NZ Herald 16 April 2016
Family First Comment: Superb commentary from the NZ Herald today – “I’d be very surprised if this Government ever contemplates a general decriminalisation because it tried that, at Dunne’s suggestion, a few years ago. Remember? They used the “health approach” for the regulation of new substances called synthetic cannabis and it proved to be a social and political disaster.”
Exactly. Drug use is both a criminal and a health issue. There is a false dichotomy that criminal sanctions haven’t worked so we should ditch them all together and we should focus only on education and health initiatives. We should maintain both..

Dr Lance O’Sullivan, the estimable young Northland GP named New Zealander of the Year not so long ago, put his name to an article in the Herald this week that called for the decriminalising of cannabis. At least, I think it was referring to cannabis when the piece co-authored by the New Zealand Drug Foundation chairman, Tuari Potiki, urged the “drug problem” be treated with health measures rather than criminal law.

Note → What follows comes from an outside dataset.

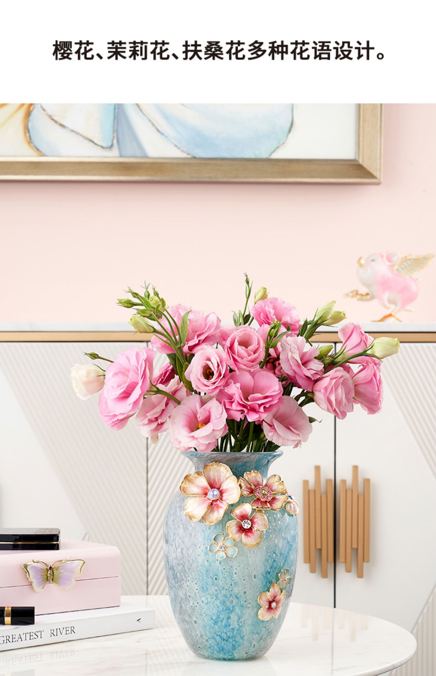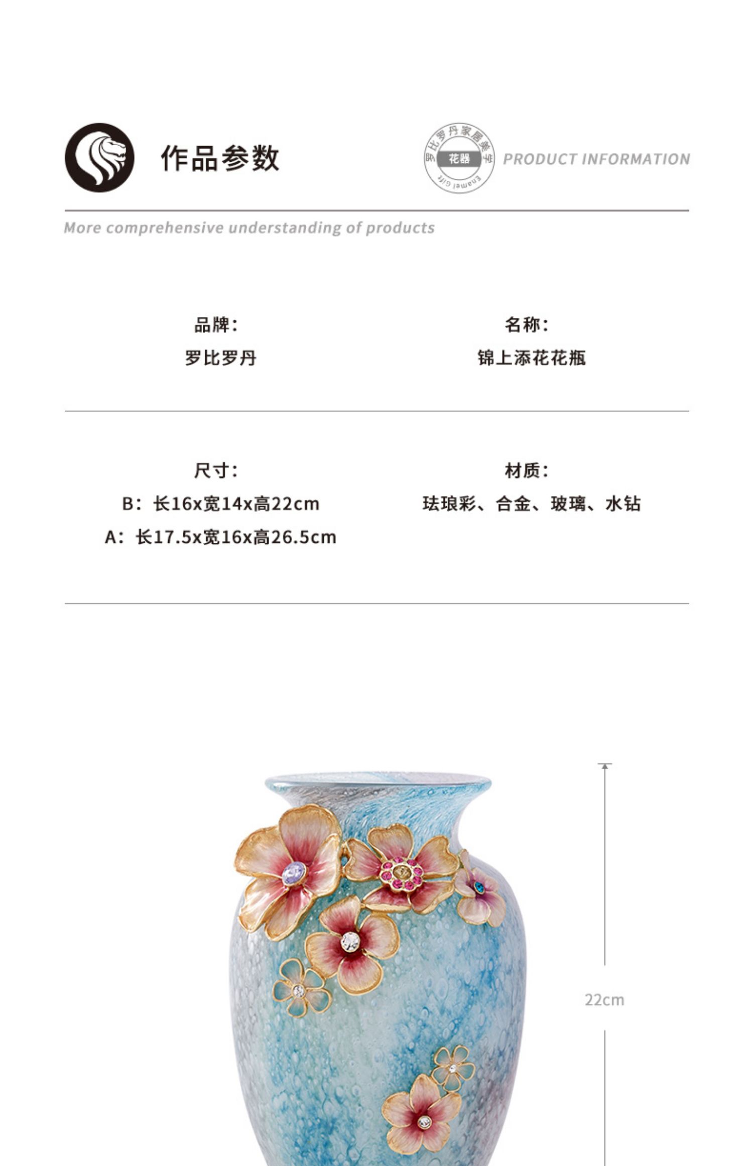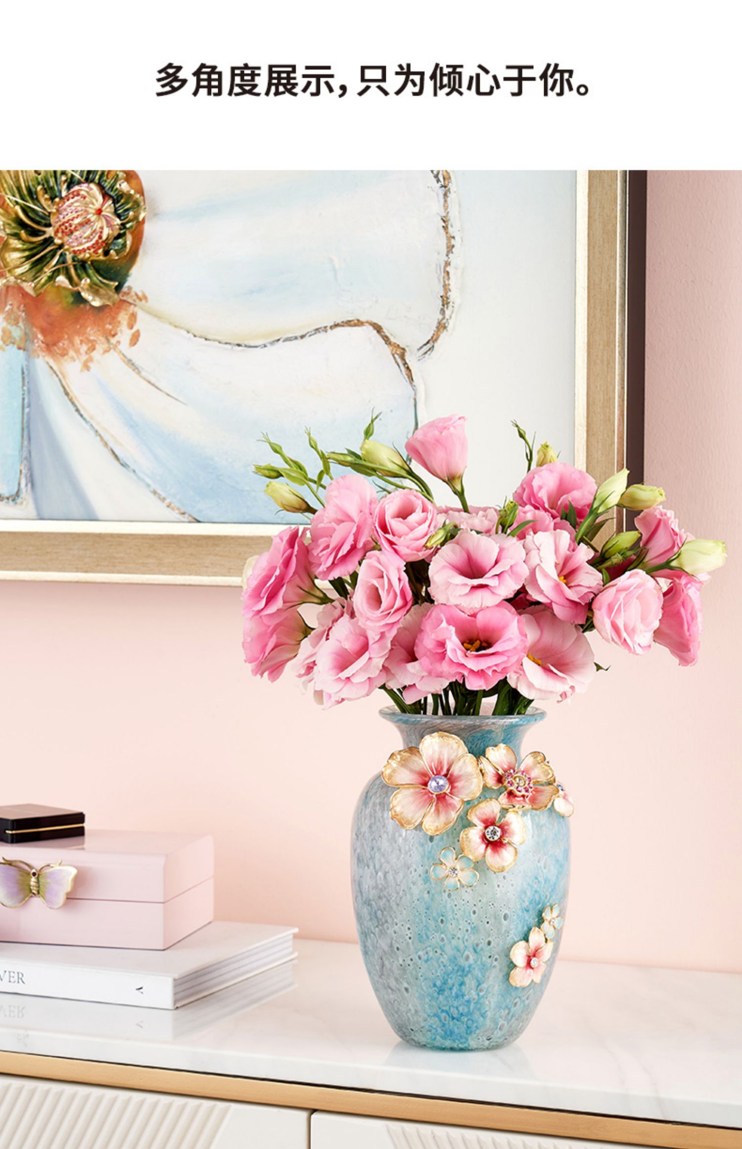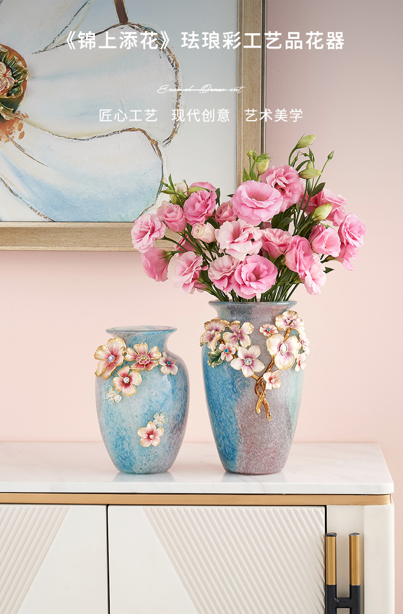 罗比罗丹锦上添花珐琅彩花瓶创意玄关插花摆件乔迁礼物
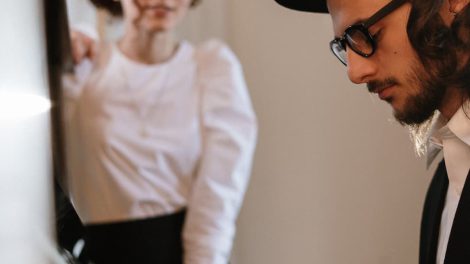 הוא נכנס ועל ראשו שטריימל מרשים. גופו עטוף ברעקל שחור ארוך ומהודר המדגיש את גובהו,מתחת לכל המעטה השחור הרציני והכבד מסתתרות פנים של גבר צעיר נאה...

Professor Doug Sellman, director of Otago University’s National Addiction Centre, left no doubt about it, writing on the same page, “The days of cannabis prohibition in New Zealand appear to be coming to an end.”

…Still, I’d be very surprised if this Government ever contemplates a general decriminalisation because it tried that, at Dunne’s suggestion, a few years ago. Remember? They used the “health approach” for the regulation of new substances called synthetic cannabis and it proved to be a social and political disaster.

I am sure public health campaigners such as Professor Sellman remember the parade of misery and disgust on Campbell Live at the time, the impassioned appeals from mothers of those openly buying the stuff, the wretched characters coming and going from the few approved suppliers in unfortunate shopping centres in less salubrious suburbs. I’m sure they do remember but they haven’t worked out why the policy went wrong. Poor neighbourhoods are a long way from university seminars. Economic regulators realised a long time ago that while controlling the quality of products on a market can be a good thing to do, controlling the quantity of supplies or suppliers is almost never wise. Health regulators haven’t much time for economics and don’t much like markets. So when they were given the task of bringing some law and order to the wild new business of party drugs and chemical highs, they did not just look for a way to test them for safety, they invited councils to control the number of licensed outlets. The result was a blight on the chosen places and a political outcry that caused the Government to call the thing off. I doubt that any party in Parliament wants to go back there.

….It didn’t work for alcohol but public health campaigns make a mistake, I think, when they put alcohol in the same category as drugs taken purely for a hit in the head. Drinking is pleasant in itself. When the minds starts to spin from alcohol, the pleasure is over. Drugs that do nothing for you up to that point have no redeeming social benefit to my mind.